* **Exercise goal**
From the first line of the records below, transcribe each line exactly up to and including the one with "胡盛寿院士指出,医疗技术实施"; pictures stay out.

[Collected data entries]
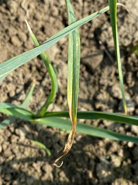 蔥科因罹患黑腐病造成葉尖黃化乾枯病徵。(記者蔡金旺攝)
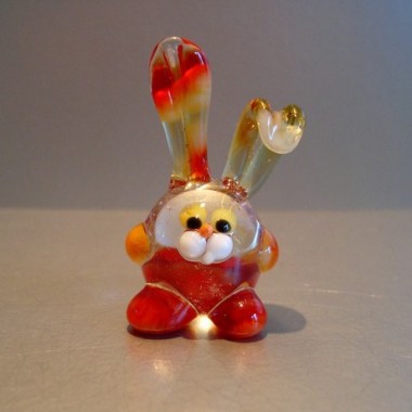 Lapin en verre opaque de couleur orange avec ses oreille transparente
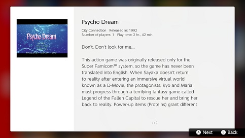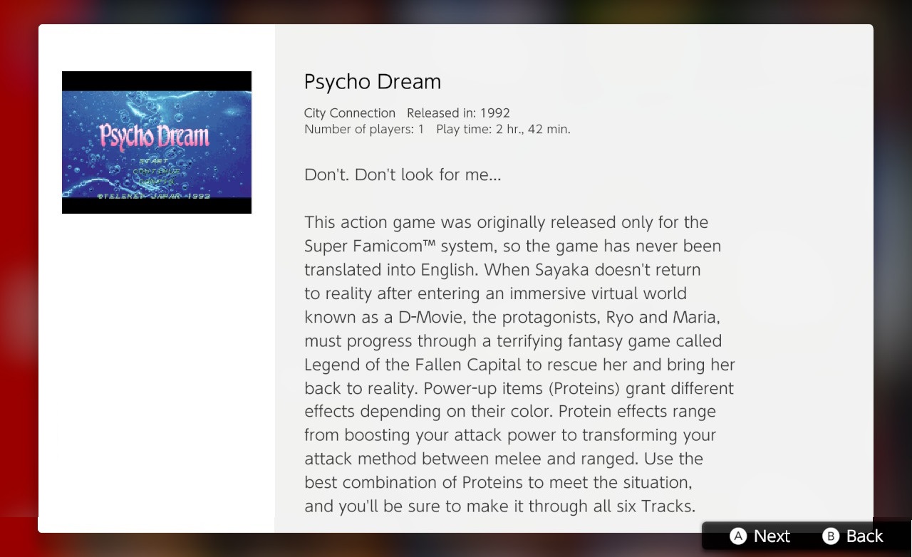 ... Well, we can find out now if that's true as somehow Psycho Dream did get a Western release almost thirty (30) years after it first came out in Japan. The game was added to all versions of the Nintendo Switch Online SNES app in February 2021, with an English story blurb available on the app's menu but otherwise untouched for Europe and the US. Funnily enough, the same month the app also got Doomsday Warrior. Those two games are just cursed to forever be together, huh.
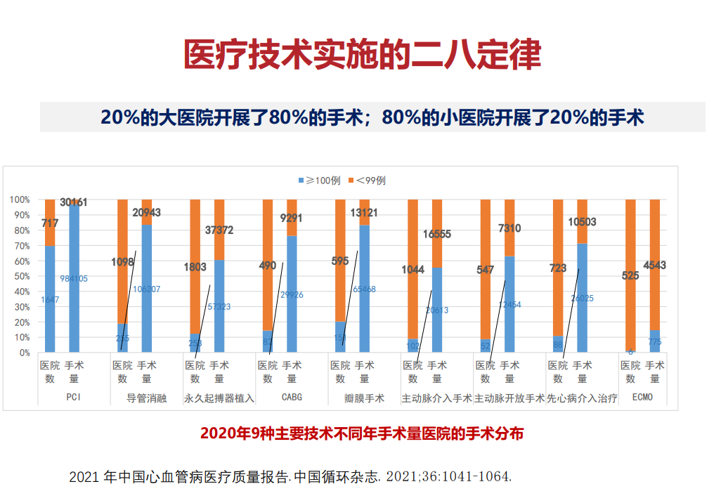 胡盛寿院士指出,医疗技术实施存在“二八定律”,即20%的大医院开展了80%的手术,80%的小医院开展了20%的手术,优质资源下沉仍任重道远,需要切实采取针对性措施,提高基层医院的诊疗能力和医疗质量。
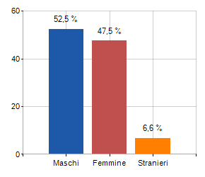 e relativa densità abitativa, abitanti per sesso e numero di famiglie residenti, età media e incidenza degli stranieri
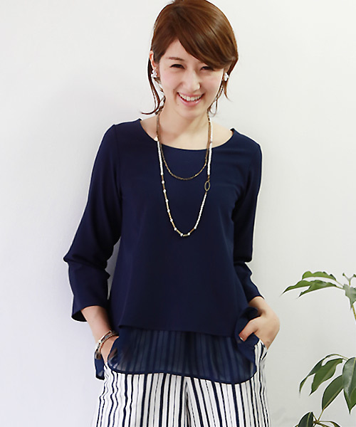 華やかだけど派手すぎない大人上品なトップスが出来ました! キレイめ生地と360度どこから見てもキマるデザインはオフィスでも、お出掛けでも活躍間違いなし★ 下からのぞく透け感のあるシフォンと表面のヴィンテージドビー生地のコントラストが絶妙。 どんなアイテムとも合う丈感で腰周りのカバーも叶えてくれるのが嬉しいポイント!! ピンクベージュとオフはデニムと組み合わせて可愛らしい春コーデに♪ フォーマルな場でも活躍する万能カラーのネイビーはタイトめなパンツやスカートと合わせてきれいめコーデに♪ ボリュームのあるボトムスの時はシフォン部分をウエストにインしてすっきり短めのトップス風にするちょっと変わった着こなしがオススメです!
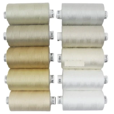 Coats Moon Assorted Sewing Thread Box of 10 reels Polyester All Purpose OverLocking 1000 Yards Each 120’s (Light Neutral) + 2 (1 White 1 Black) Spools Free

* **Exercise result**
 蔥科因罹患黑腐病造成葉尖黃化乾枯病徵。(記者蔡金旺攝)
 Lapin en verre opaque de couleur orange avec ses oreille transparente
 ... Well, we can find out now if that's true as somehow Psycho Dream did get a Western release almost thirty (30) years after it first came out in Japan. The game was added to all versions of the Nintendo Switch Online SNES app in February 2021, with an English story blurb available on the app's menu but otherwise untouched for Europe and the US. Funnily enough, the same month the app also got Doomsday Warrior. Those two games are just cursed to forever be together, huh.
 胡盛寿院士指出,医疗技术实施存在“二八定律”,即20%的大医院开展了80%的手术,80%的小医院开展了20%的手术,优质资源下沉仍任重道远,需要切实采取针对性措施,提高基层医院的诊疗能力和医疗质量。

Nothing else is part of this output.